Our protocol details a convenient one-pot preparation and copper-mediated conjugate addition of functionalized monoorganozinc bromides to cyclic alpha-beta-unsaturated carbonyls for the synthesis of quaternary centers in high yield. A significant advantage to this method involves the use of dimethylacetamide to facilitate organozinc formation from widely accessible functionalized organobromides. To begin, add zinc, dust, DMA, and iodine to a flame-dried 50-milliliter Schlenk reaction flask containing a stir bar under argon.
Stir the suspension at ambient temperature until the brownish-orange color completely dissipates to a gray suspension. Add ethyl 4-bromobutyrate to the gray suspension. Immerse the flask in an 80-degree Celsius oil bath with vigorous stirring until consumption of the organobromide is observed by gas chromatography or GC analysis.

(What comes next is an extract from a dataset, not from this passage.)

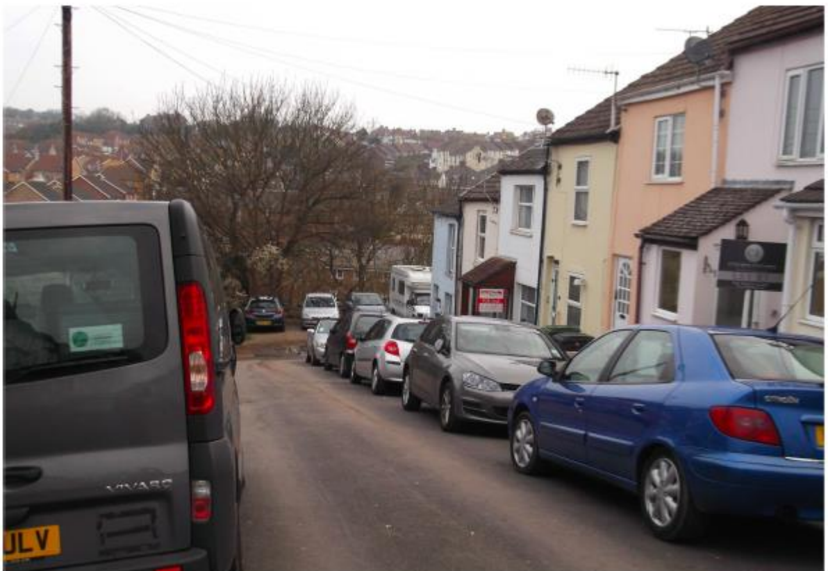
View north on Sandown Road.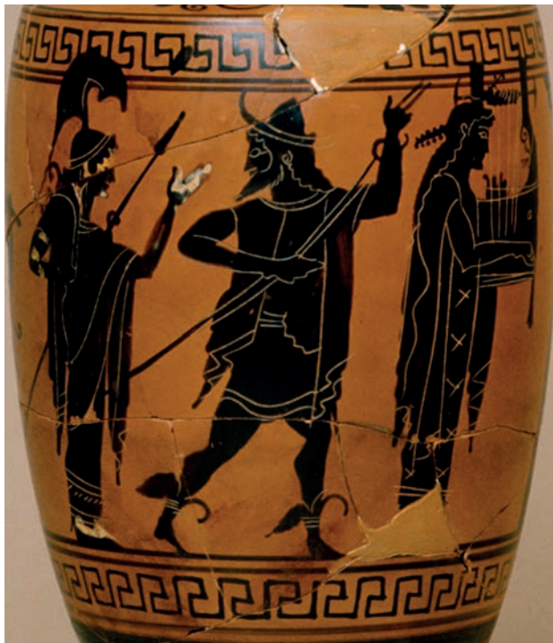
Fig. 5. The introduction of Herakles into Olympus. In front of Herakles (not seen in the image) are Athena, Hermes and Apollo. Hermes makes the benedictio Latina gesture with his left hand. Lekythos , c. 510–500 BC. Courtesy, the American School of Classical Studies at Athens: Agora Excavations, inv. no. P 24104.

fingers are broken off. 41 Furthermore, none of the hands were decorated with any attached symbols. However, that feature may be later, as the earliest dated Sabazios hand from Dangstetten (see above) does not carry any other symbol than the snake. Of interest is that these hands from Priene may have filled a similar function as the Sabazios hands, as at least one of them has a hole on the lower arm that was probably used to attach it to a wooden stick. 42 Further, as the fragmentary hands were all found in a shrine some form of cultic connection appears to be the most plausible interpretation.

Briefly dip a disposable glass Pasteur pipette into the reaction mixture and remove from the flask. Rinse the aliquot with approximately 0.5 milliliters of diethyl ether into a two-milliliter vial containing approximately 0.5 milliliters of saturated ammonium chloride. Vigorously shake the vial and analyze the organic layer by GC.After cooling the monoorganozinc reagent to ambient temperature the reagent can be stored for several hours to overnight under inert atmosphere with minimal impact on the yield of the conjugate addition product.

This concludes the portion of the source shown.